Shalala, Allred and Wexton have yet to draw challengers who have raised significant amounts of money. Mucarsel-Powell and Fletcher have, although both hold a significant fundraising advantage over their nearest Republican rival at this point in the campaign cycle.

The Democrats’ House campaign arm, the Democratic Congressional Campaign Committee, is targeting 11 Southern seats currently held by Republicans, and Democratic challengers have raised at least $300,000 in six of those districts, including four seats in Texas, where Democrats hope to build on gains made in 2018.

The Republicans’ House campaign arm, the National Republican Congressional Committee, is targeting 12 Southern seats currently held by Democrats, and Republican challengers have raised at least $300,000 in just three of those districts, held by Horn, McBath and Fletcher.

GOP challengers have topped the $200,000 mark in the race against Cunningham and in two other Democrat-held seats in Florida, now held by Mucarsel-Powell in South Florida and Charlie Crist in Pinellas County.

The most glaring absence for Republicans is in Virginia, where all three Democrats who flipped seats in 2018 — Spanberger, Luria and Wexton — are, to this point, getting a free ride.

Based on the latest fundraising numbers, here are the 2020 races to keep an eye on:

Texas: Democratic challengers have raised substantial money in four districts where Republican incumbents won narrow victories in 2018: Hurd in West Texas; Pete Olson in suburban Houston; Kenny Marchant in Dallas-Ft. Worth; and Michael McCaul, whose district runs from the suburbs of Austin to the suburbs of Houston.
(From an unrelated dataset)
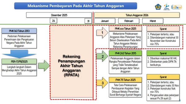 Untuk menjaga konsistensi prinsip bahwa pembayaran atas beban APBN hanya dilakukan setelah barang atau jasa diterima, sekaligus mendukung optimalisasi dan efektivitas pelaksanaan anggaran yang belum dapat diselesaikan pada akhir tahun anggaran, pemerintah menerapkan mekanisme Rekening Penampungan Akhir Tahun Anggaran (RPATA). RPATA berfungsi sebagai sarana penampungan dana sementara atas pekerjaan yang masih berproses hingga melewati tanggal 31 Desember, tanpa mengabaikan prinsip kehati-hatian dan akuntabilitas dalam pengelolaan keuangan negara. Mekanisme ini merupakan penyempurnaan dari tata cara pembayaran akhir tahun sebelumnya yang mengandalkan bank garansi, yang dalam praktiknya masih mengandung risiko terhadap keamanan kas negara.

All four incumbents still hold a fundraising advantage, although Olson has only raised $230,000 more than Democrat Sri Kulkarni, whom he beat by just 5 points in 2018, and two Democrats running against McCaul have together raised nearly $670,000, compared to his $875,500. Given that Democrats are staying competitive financially, all four of these races will likely be close in 2020.

Georgia 6/Atlanta’s Northwest Suburbs: McBath shocked the political world in 2018 when she defeated Republican Karen Handel, a former statewide officeholder with a long political pedigree. Handel is trying a comeback in 2020, and the Republican race has already turned into a food fight between her and former State Senator Brandon Beech. But the surprise so far in fundraising has come from Republican Marjorie Greene, a Milton businesswoman making her first run for political office who has already raised $523,400, eclipsing both Handel and Beech. And while Republicans will need to spend money slugging it out in a primary, McBath has what appears to be an unobstructed path to the Democratic nomination.

Georgia 7/Atlanta’s Northeast Suburbs: After winning by a scant 420 votes in 2018, Woodall decided to retire. Bourdeaux, the woman who nearly toppled him, is running again and currently holds a large fundraising lead over her Democratic rivals at $654,200. On the Republican side, Unterman — best known in the legislature as the author of a controversial law outlawing abortions once a child’s heartbeat has been detected — has raised $677,500, followed by Lynne Hormich, a former Home Depot executive making her political debut, at $500,300. This race, which could feature two Republican women in a runoff, will closely watched by GOP leaders looking to add to the thin ranks of Republican women in Congress.

Oklahoma 5/Metro Oklahoma City: Horn may arguably be the nation’s most vulnerable Democrat, in ruby red Oklahoma. And while she has posted strong fundraising numbers so far, two Republican rivals have together raised more than $710,000 to her $961,500. One key to her ultimate survival is how much money her GOP rivals will spend in a primary; right now, businesswoman Terry Neese has outraised the other Republican in the race, State Senator Stephanie Bice, by a 3-to-1 margin. The less competitive the Republican primary is, the more Horn will need to worry — but she’ll need to worry quite a bit in any case.

South Carolina 1/Charleston and the Lowcountry: Cunningham, too, faces an uphill battle for re-election in a traditionally Republican district. But his fundraising has been strong — only two Southern incumbents in either party have raised more money — and he has been trying to carve out a moderate voting record. Three Republicans running against him have, together, raised just a little more than $540,000, less than half of his total. Cunningham is to this point running a textbook campaign for someone trying to survive tough political terrain.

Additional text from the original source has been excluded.